For UD to remain competitive, it is mandatory that the faculty
financial package be improved. This means not only receiving adequate
salary and merit gains, but also COLA. Although we do not know whether
or not Given the continuing instability of inflation, winning COLA is
particularly crucial now.
7. Merit Evaluations (Article 12.4). An
effort must be made to eliminate the vagueness from the contract's
current language governing the relationship between a department
chair's evaluation of a faculty member's performance and the allocation
of merit pay. The current language states that merit pay must be
"consistent" with the chair's evaluation. Unfortunately, "consistent"
can be interpreted in too many different ways for it to be a useful
guideline. Consequently, we have proposed substituting the word
proportional for consistent. This change will have the effect of
requiring that administrators in charge of merit pay decisions explain
their decisions in terms based directly and specifically on faculty
evaluation policies. In each faculty unit, faculty members with the
same numerical evaluations should receive the same merit increase.
Actual merit increases depend upon the unit's merit pay policy.
Accordingly, Article 12.4 must be rewritten to include the following
two changes:
"Merit pay increases shall be awarded in a fashion which is
proportional to the faculty member's performance as reflected in the
annual evaluation conducted by the department chairperson or dean (in
units where there are no chairpersons)."
"The chair or dean shall make public information
which indicates the correspondence between merit pay and the faculty
members' department or comparable unit evaluation ratings within this
unit so that an individual faculty member may know whether his or her
merit pay is consistent with his or her annual evaluation."
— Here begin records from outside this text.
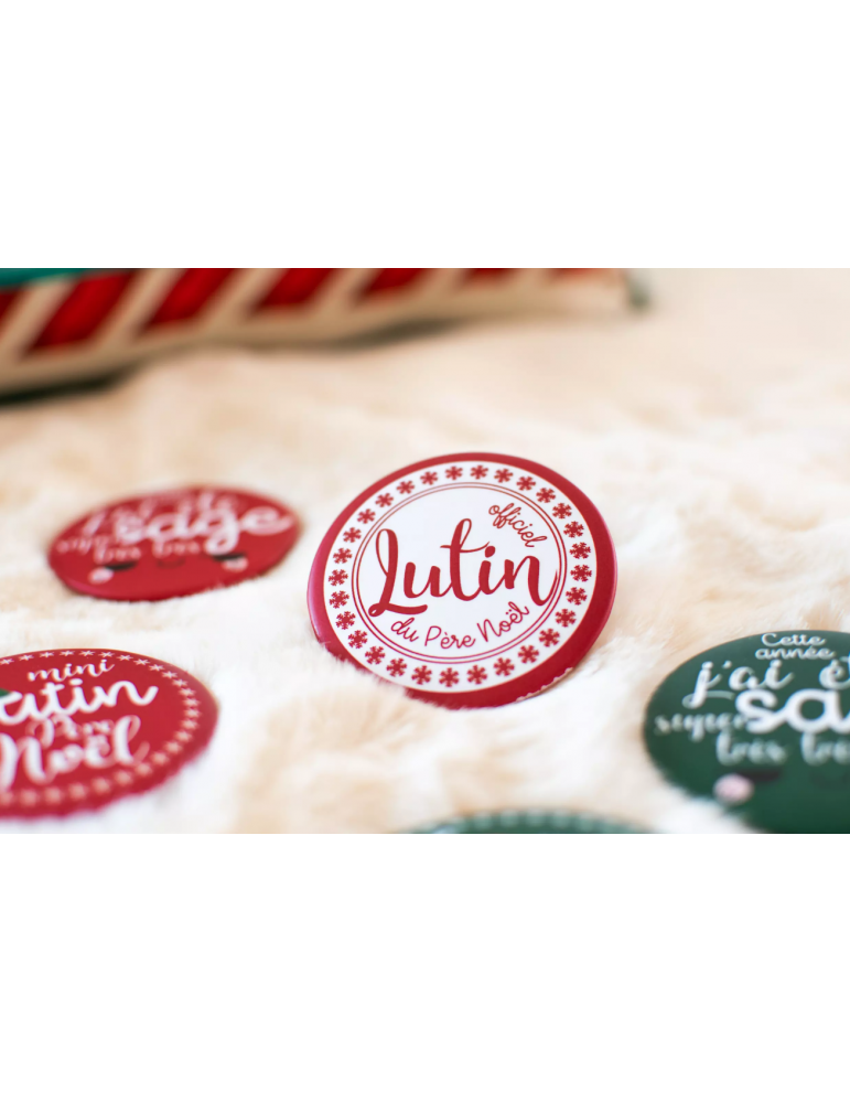 Mini badge "Lutin du père noël" - Rouge et blanc
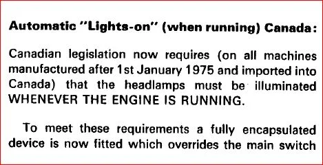 The battery wouldn't feed power to the headlight, the headlight would get it's power from the alternator through the Canadian model assimilator 06-6392 and would be dim or bright depending on how high the engine was revving.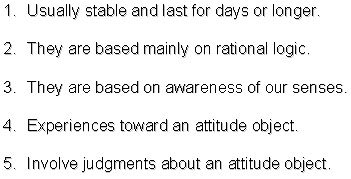 The cluster of beliefs, assessed feelings, and behavioural intentions toward a person, object, or event (called an attitude object).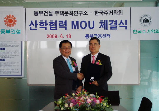 µ¿ºÎ°Ç¼³Àº 18ÀÏ Çѱ¹ÁÖ°ÅÇÐȸ¿Í ¡®ÁְŹ®È ¿¬±¸¡¯¿¡ ´ëÇÑ ¿¬±¸Çù¾àÀ» ü°áÇß´Ù. µ¿ºÎ°Ç¼³Àº Çѱ¹ÁÖ°ÅÇÐȸ¿ÍÀÇ ¿¬±¸Çù¾àÀ» ÅëÇØ ¹Ì·¡ ÁÖ°Å ¹®È Æ®·»µå¿¡ ´ëÇÑ ±íÀÌ ÀÖ´Â ¿¬±¸¸¦ ÁøÇàÇÒ °èȹÀ̸ç, ¿¬±¸ °á°ú¸¦ Åä´ë·Î ¼¾Æ®·¹ºô »óǰ°³¹ß¿¡ ´õ¿í´õ ¹ÚÂ÷¸¦ °¡ÇÒ °èȹÀÌ´Ù. µ¿ºÎ°Ç¼³Àº À̳¯ ¿¬±¸ Çù¾à ü°á½Ä¿¡¼ µ¿ºÎ°Ç¼³ ÁÖÅù®È¿¬±¸¼ÒÀÇ ¿¬±¸ÃѰýÀÚ¹®À§¿øÀ¸·Î ÃÖÀçÇÊ Çѱ¹ÁÖ°ÅÇÐȸ ȸÀå(¼¿ï´ë °ÇÃà°ú ±³¼ö)À» À§ÃËÇß´Ù.

8. Buyout Policies. Current UD buyout
policies differ from college to college. This lack of consistency
spawns confusion and arbitrariness. To rectify this problem, we need
more clarity. To set in motion the process for accomplishing this, a
letter of understanding must be developed that states in part "that a
committee be convened to formulate university wide guidelines for
buyout policies."
9. Domestic Partner Benefits. Since the
Administration is already on record as supporting the domestic partners
benefit concept, the time has come for them to act. In the recent
faculty survey, faculty members strongly endorsed moving forward on the
issue and finally establishing such benefits. After all, it was almost
a decade ago that a joint AAUP-Administration committee recommended
creating domestic partner benefits. To make sure this now happens, it
is necessary to develop a letter of understanding which in part states:
"The Administration and the AAUP agree that it is highly
desirable that the recommendations of the June 27, 1995 final report
from the Committee on Benefit Options for Domestic Partners be
implemented during the term of this agreement and will appoint a joint
committee dedicated to the task of trying to achieve this goal."